The study, published on Monday in the Canadian Medical Association Journal, should provide parents with reassurance the vaccine is safe for their children, Dr. Lévesque said. It’s important to keep demonstrating the safety of vaccines in these types of studies because there are those who continue to stoke fears and claim that vaccines are dangerous, she said. It’s become easier to question vaccinations because this generation hasn’t seen what life without vaccines can be like, Dr. Lévesque added.

“I think the fear comes out of uncertainty,” she said. “If you ask our parents or grandparents, they had no concerns about vaccines because they [lived] the reality of the burden of those diseases.

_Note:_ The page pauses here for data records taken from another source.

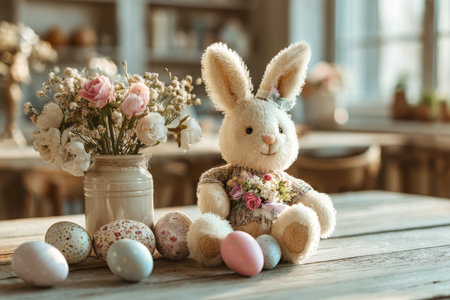 A soft bunny toy sits on a wooden table with colorful decorative eggs around it. A vase filled with flowers adds a charming touch to the cheerful spring atmosphere.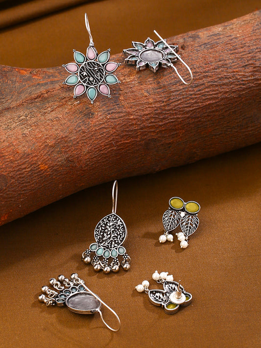 Silver Oxidised Earrings for Women & Girls | Traditional Oxidised Silver Drop Earrings Combo of 3 Pairs Monalisa Stone Studded Earrings | Birthday Anniversary Gift for Wife Women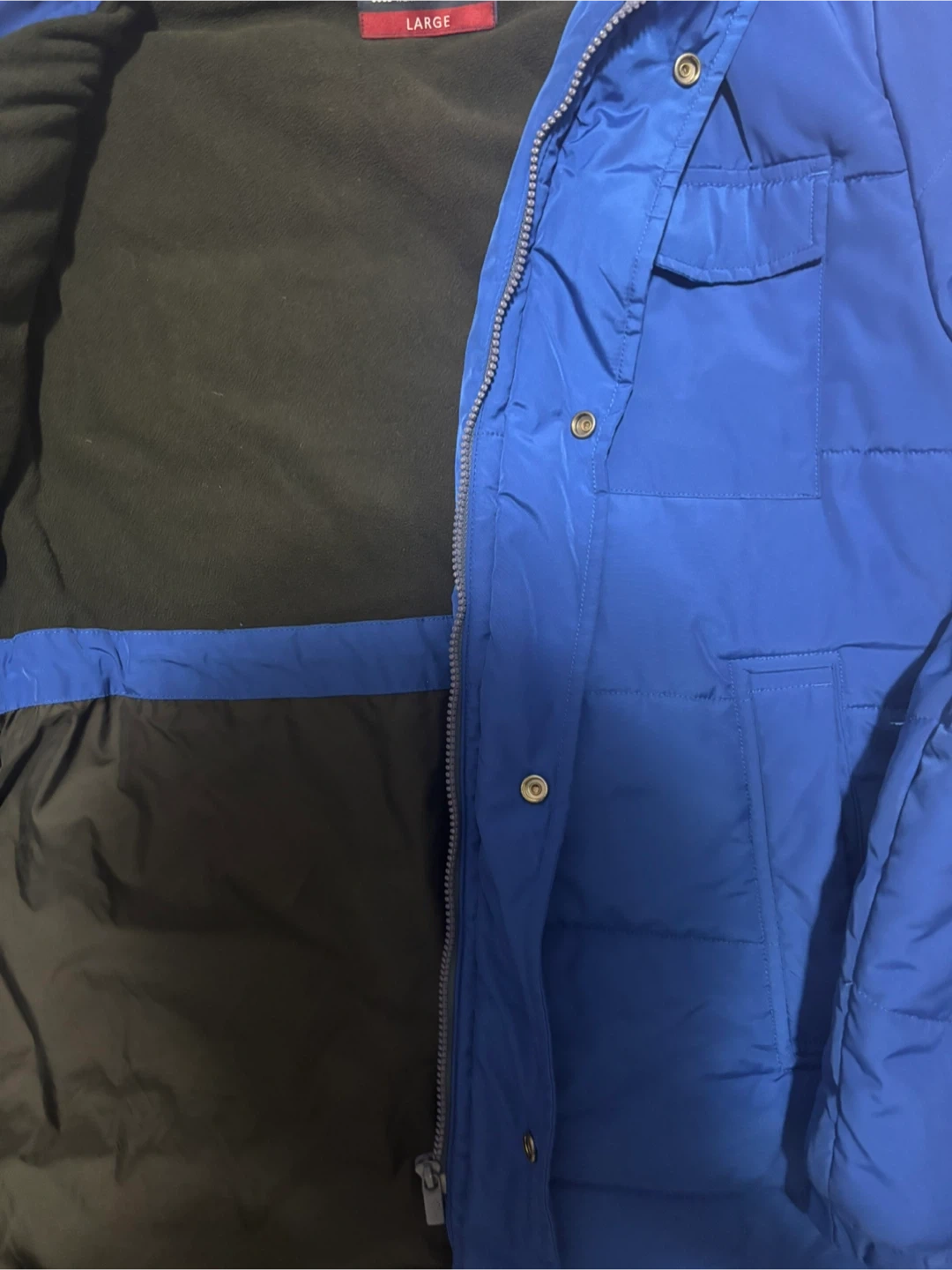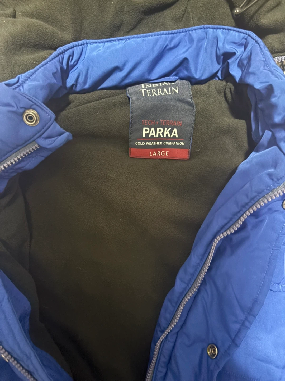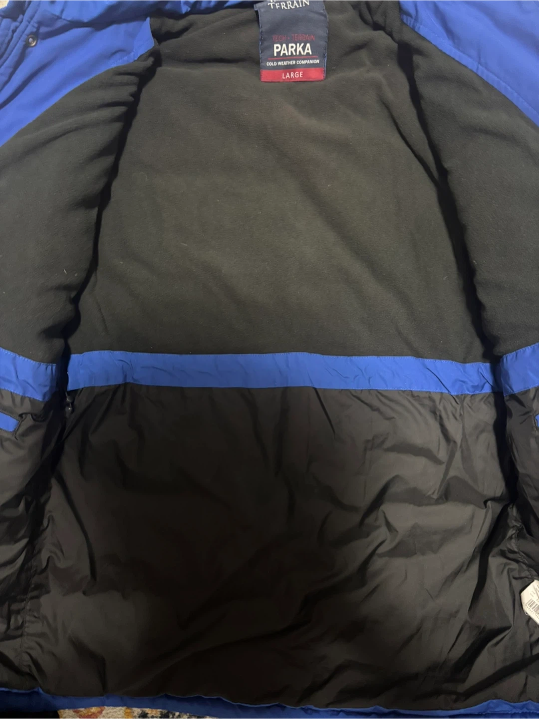 This blue Tech + Terrain parka is a cold weather companion. It's a size large with a fleece lining inside. Zips up the front.

Their children died of these things.”

Parents were “concerned about the safety of the HPV vaccine,” said Erin Liu, a lead author who started the research while doing her master’s in epidemiology at Queen’s University and is now a PhD candidate at McGill University. “This is why we need rigorous scientific studies, to answer those important research questions.”

The study, which used Ontario health data provided by the Institute for Clinical Evaluative Sciences, found the overall incidence of autoimmune disorders among vaccinated girls to be very low. The most commonly diagnosed autoimmune condition in the group was rheumatoid arthritis, followed by immune thrombocytopenia purpura, which is a bleeding disorder, and Bell’s palsy, which can cause facial paralysis. Of the 681 vaccinated girls who were later diagnosed with an autoimmune disorder, just more than 11 per cent were diagnosed within seven to 60 days after vaccination.

The study focused on the quadrivalent HPV vaccine, known as Gardasil and sold by Merck, as it has been available the longest. But there’s no reason to believe other versions of the vaccine have a different risk level, Dr. Lévesque said.

The research was funded by grants from the Ontario Health Ministry’s drug-innovation fund and the Canadian Institutes of Health Research.